Algorithm Overview

Each refinement step (residual peak search, negative-dip splitting, blended-pair merging) runs sequentially with its own independent refit and AICc check. A change is accepted only if it lowers AICc; this prevents over-fitting while allowing the model to recover missed structure.

Step 1: Noise estimation

The noise level $\sigma_\mathrm{rms}$ is estimated using a signal-masked MAD estimator (Riener et al. 2019, Sect 3.1.1). Runs of consecutive positive channels longer than 2 are masked (with padding), the MAD is computed from negative unmasked channels, outliers are clipped at $5\sigma$, and the final RMS is computed from surviving channels.

Step 2: Peak detection

Peaks are detected via 0-dimensional persistent homology using a descending upper-level set filtration. A union-find structure tracks connected components as the threshold descends from the global maximum. Each peak is assigned a persistence value (birth $-$ death), representing how significant the peak is relative to its neighbours.

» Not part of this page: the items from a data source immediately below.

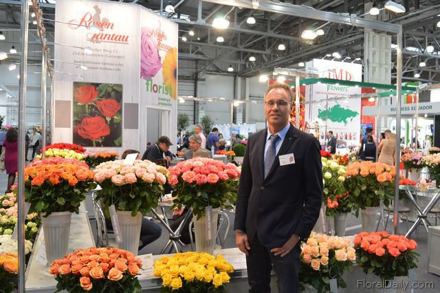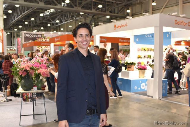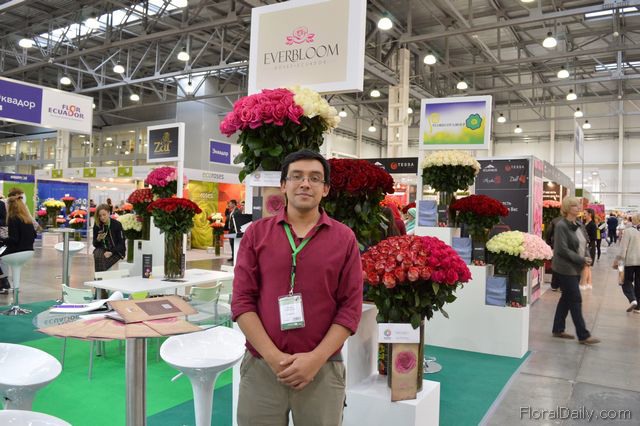 Frederico Santa Cruz of Everbloom. After skipping some years, they are back at the show this year. This Ecuadorian farm grows roses on 3,100 meters above sea level and specializes in the lengths 60-100cm. According to Santa Cruz, the Russian market is recovering.
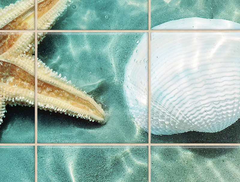 Fali csempe tengeri csillagokkal és kagylókkal - kagylós csempe
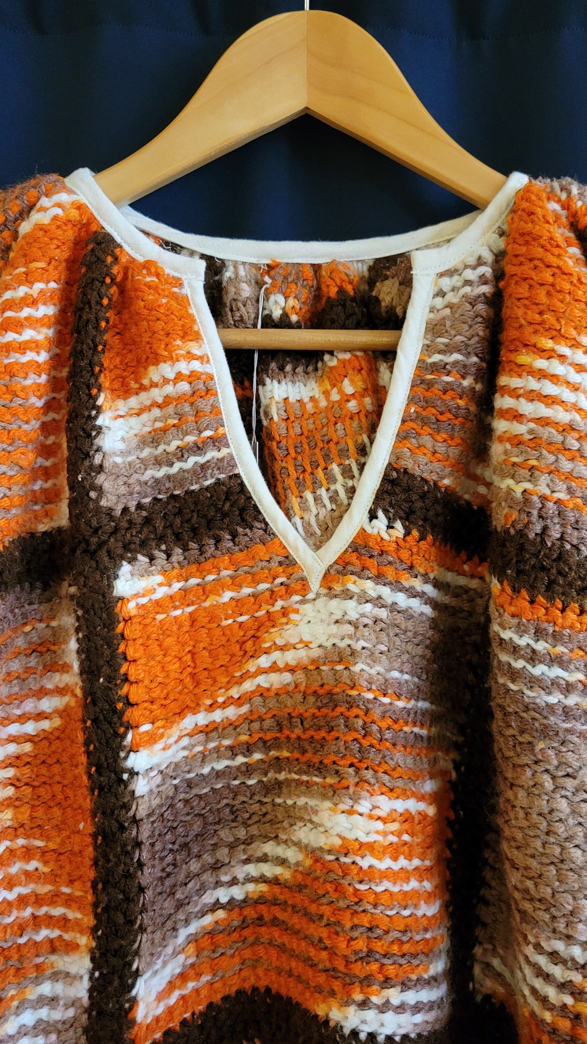 ヴィンテージのグラニーニットのブランケットをリメイクしたプルオーバートップです。肉厚で暖かいハンドニットはヴィンテージならでは。袖には2か所にゴムが通っています。生地自体は当時もののため、毛玉等の使用感があります(できるかぎりこちらで取り除くメンテナンスをしております)。着用に支障のある程度ではありませんが、ヴィンテージ品にご理解のある方へおすすめいたします。
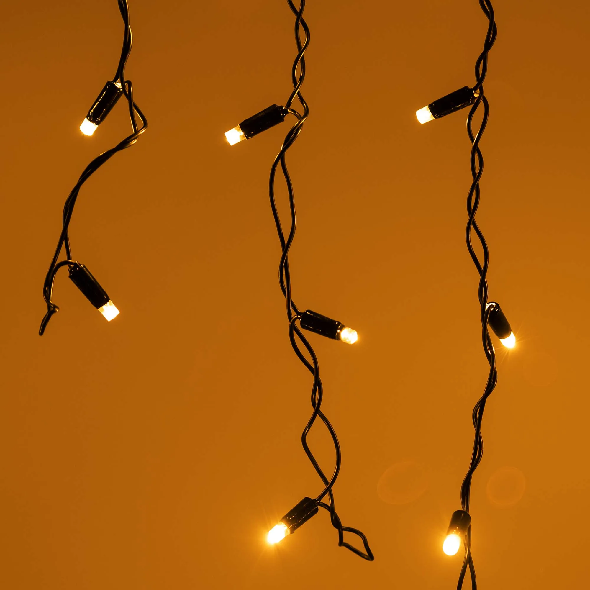 Светодиодная бахрома Classic. Размер 2400 мм (длина 2400 мм, по длине 24 нити высотой 200/600 мм). Количество светодиодов 88 шт размером 7 мм. Основной цвет свечения ТЕПЛЫЙ БЕЛЫЙ (3000 К), эффект мерцания редких точек (ТЕПЛЫЙ БЕЛЫЙ 3000К) с резким световым рисунком (прозрачная вогнутая линза), соотношение светодиодов: 66 теплых постоянного свечения / 12 теплых с мерцанием. Провод черный, ПВХ. Питание 230 В, Мощность 6 Вт, защита IP65, применение на улице под навесом. Аксессуары для подключения приобретаются отдельно.
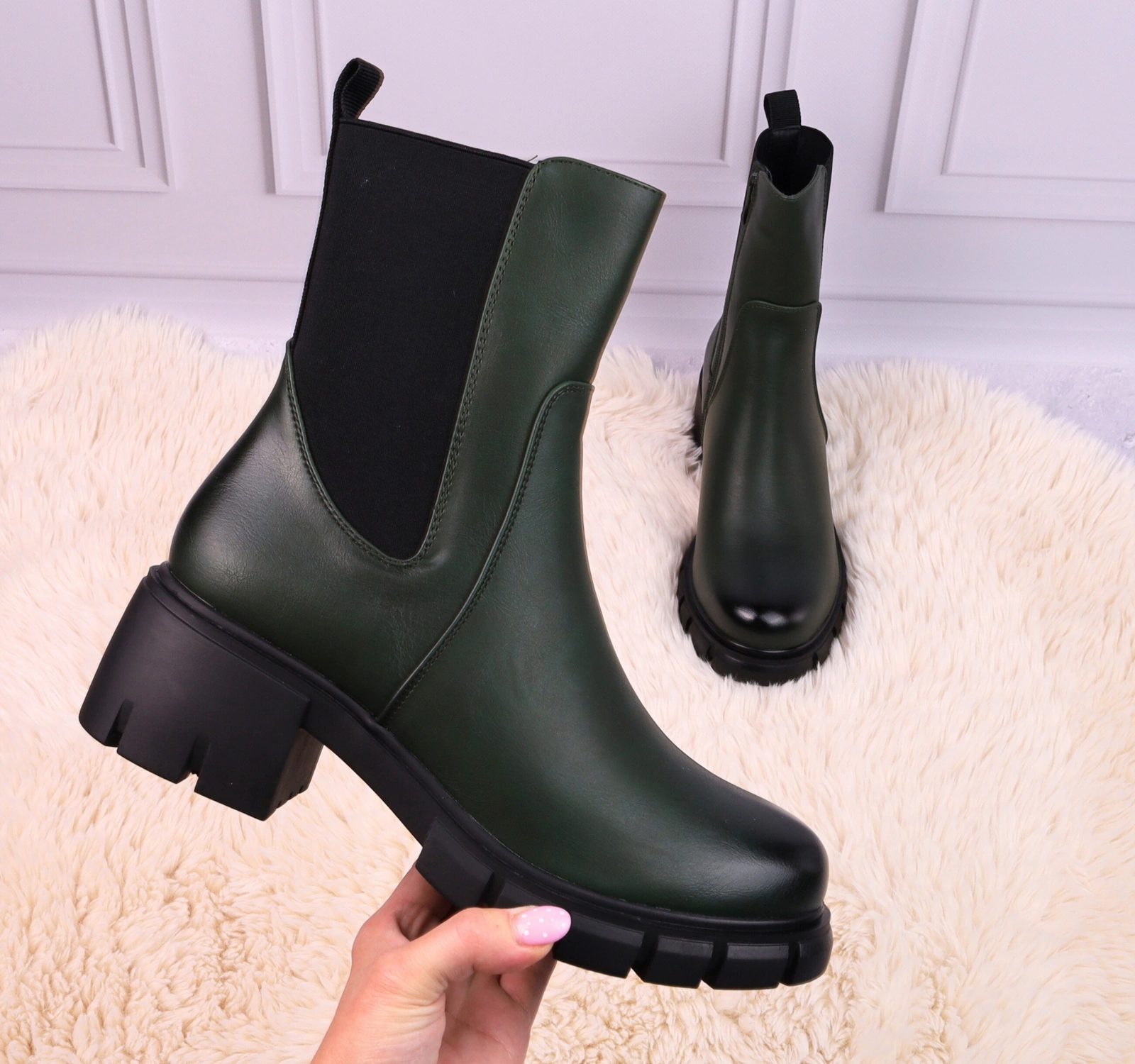 Zimowe botki damskie w kolorze butelkowej zieleni Jezzi
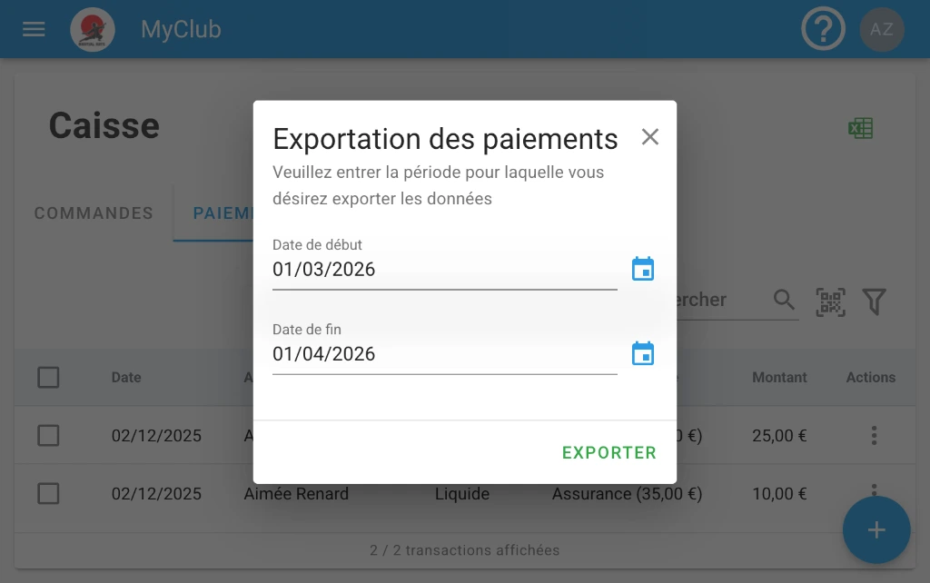 Export des commandes et des paiements au format Excel.
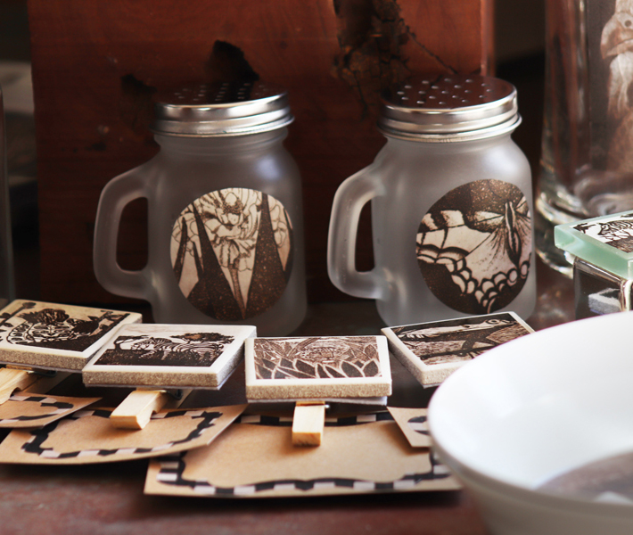 Enjoy this economical alternative to sublimation dye printing where we use a waterslide method to affix the art onto a pair of salt and pepper shakers. Avoid soaking in water for a long time and product will last a long time if admired under mostly dry conditions.
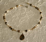 | This necklace has a tiger's eye teardrop pendant with tiger's eye round beads and chips. Tiger's eye heightens concentration and it can ease headaches. It is also a healing stone for bronchial problems and asthma. This necklace has rice fresh water pearls. Pearls promote wisdom and happiness. It also has silvertone metal bead caps & a lobster clasp. |
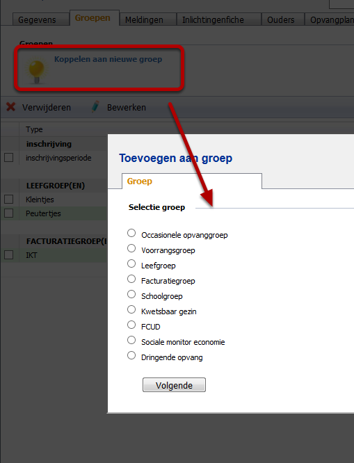 Tip: Zal het kindje vanaf een bepaalde datum aan een andere groep gelinkt moet worden? Bewerk de huidige koppeling dan eerst om een einddatum in te geven.
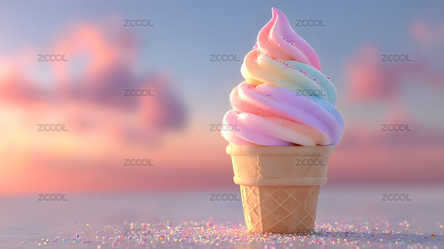 彩色冰淇淋在粉色云层上的甜美梦幻场景
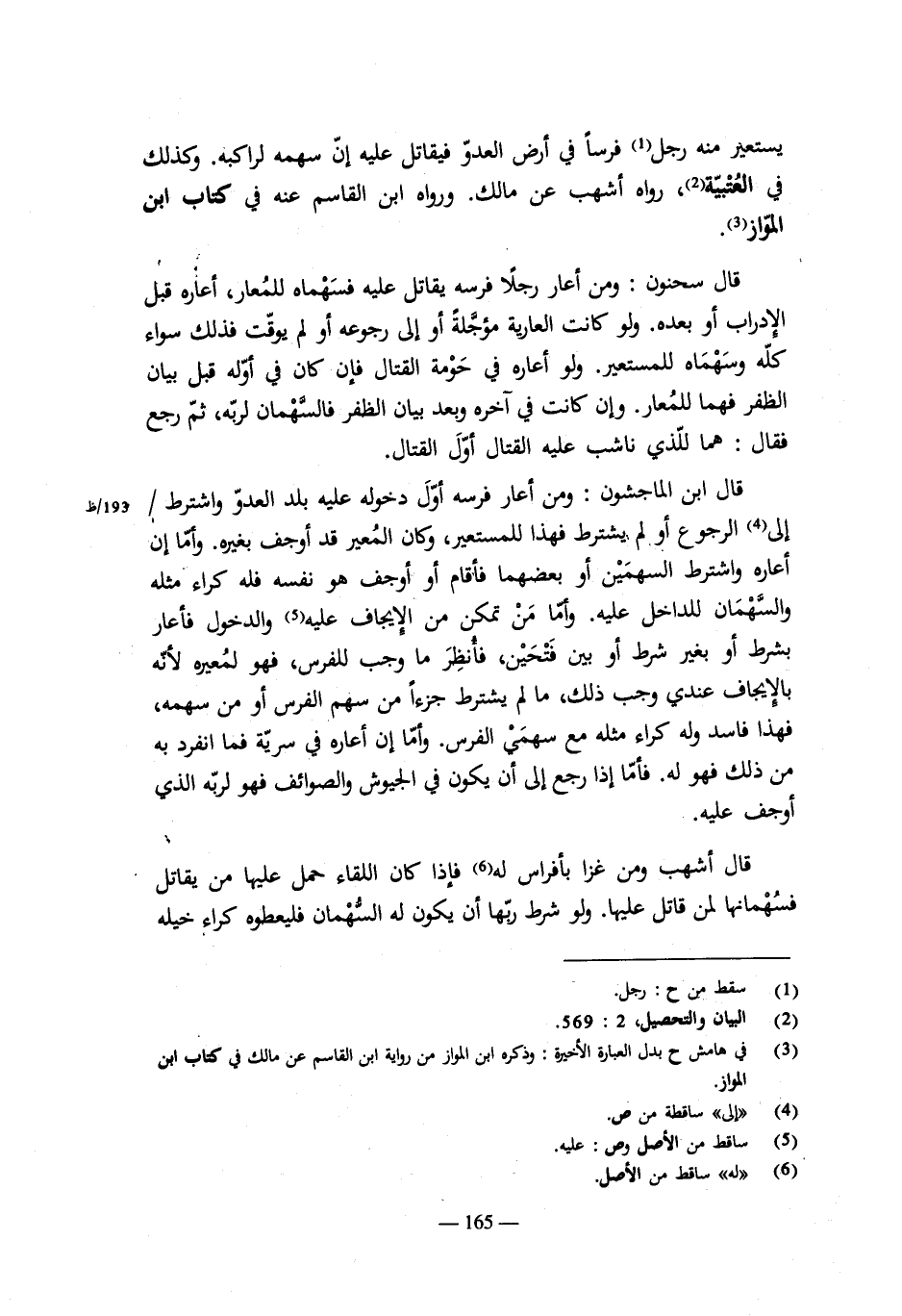 الثلاثة إلى موضع الموعد فأقاموا عشرين يوماً للموعد فلم يأتوا، فذهبوا إلى بلد الإسلام ثم طاب الريح للمركبين فأتوا أيضاً وقد غنموا أو لم يغنموا، فتنازعوا فيما غنمت الثلاثة مراكب وفيما غنم هؤلاء، قال: ذلك كله بينهم وقد ثبتت شركتهم لنصر بعضهم بعضاً، وأمرهم واحد وللفارس منهم سهمه وللراجل سهمه.
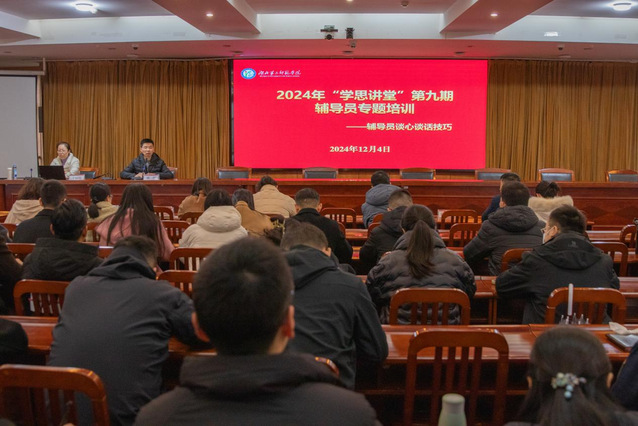 本网讯(通讯员 郑婧)为提升辅导员专业素养与工作技能,12月4日,学生工作部(处)在行政楼五号会议室面向全体辅导员举办了“学思讲堂”第九期辅导员专题培训。培训邀请了华中师范大学心理健康教育中心副主任、副教授于丽霞,以“辅导员谈心谈话技巧”为题进行讲授,学生工作部副部长刘兴主持培训会。
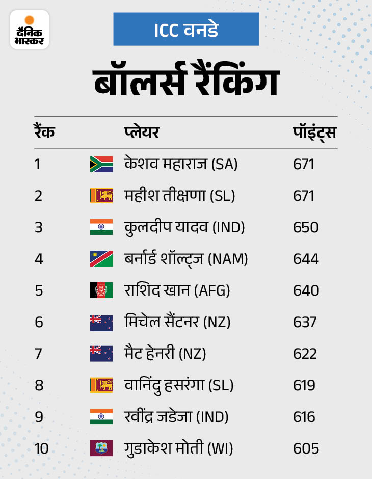 साउथ अफ्रीका के स्पिनर केशव महाराज नंबर-1 वनडे गेंदबाज हैं। उन्होंने इंग्लैंड के खिलाफ पहले वनडे में चार विकेट लेने के बाद 31 रेटिंग अंकों की बढ़त कुल 690 अंक बना ली। भारत के शुभमन गिल नंबर-1 वनडे बल्लेबाज हैं। उनके 784 अंक हैं।
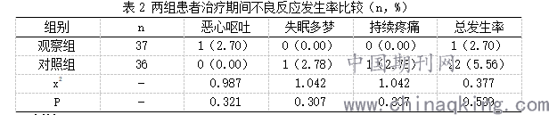 观察组患者治疗期间不良反应发生率与对照组无差异(P>0.05),见表2。

Peaks with persistence below $\beta \cdot \sigma_\mathrm{rms}$ are discarded. The surviving peaks become initial guesses for Gaussian components, with the stddev estimated from the peak-to-saddle distance.

Step 3: Curve fitting

Initial guesses are refined via bounded Levenberg-Marquardt optimisation. When the C extension is available, it uses a custom solver compiled from _gaussfit.c. Otherwise it falls back to SciPy's curve_fit. Bounds constrain amplitudes to be positive, means to lie within the spectrum, and stddevs to be at least 0.3 channels.

Step 4: Component validation

Fitted components are checked against quality criteria:

• FWHM must be $\geq$ 1 channel (no sub-channel features)
• Mean must lie within [0, n_channels)
• Amplitude SNR must exceed snr_min (default 1.5)
• Matched-filter SNR must exceed mf_snr_min (default 5.0):

$$\mathrm{SNR}_\mathrm{mf} = \frac{A}{\sigma_\mathrm{rms}} \sqrt{\sigma} \; \pi^{1/4}$$

Narrow peaks must have proportionally higher amplitude to pass this filter.

Step 5: Iterative refinement

Up to max_refine_iter iterations (default 3), the algorithm attempts three operations:

1. Residual peak search -- run persistence-based peak detection on the residual (data $-$ model) to find missed components.
2. Negative-dip splitting -- if the residual has a deep negative dip ($> 5\sigma_\mathrm{rms}$), split the broadest overlapping component into two.
3. Blended-pair merging -- if two components have means closer than $f_\mathrm{sep} \cdot \min(\mathrm{FWHM}_i, \mathrm{FWHM}_j)$, merge them into one.

After each operation, the model is refit and AICc is recomputed. The change is accepted only if AICc decreases. If no operation improves AICc, refinement stops early.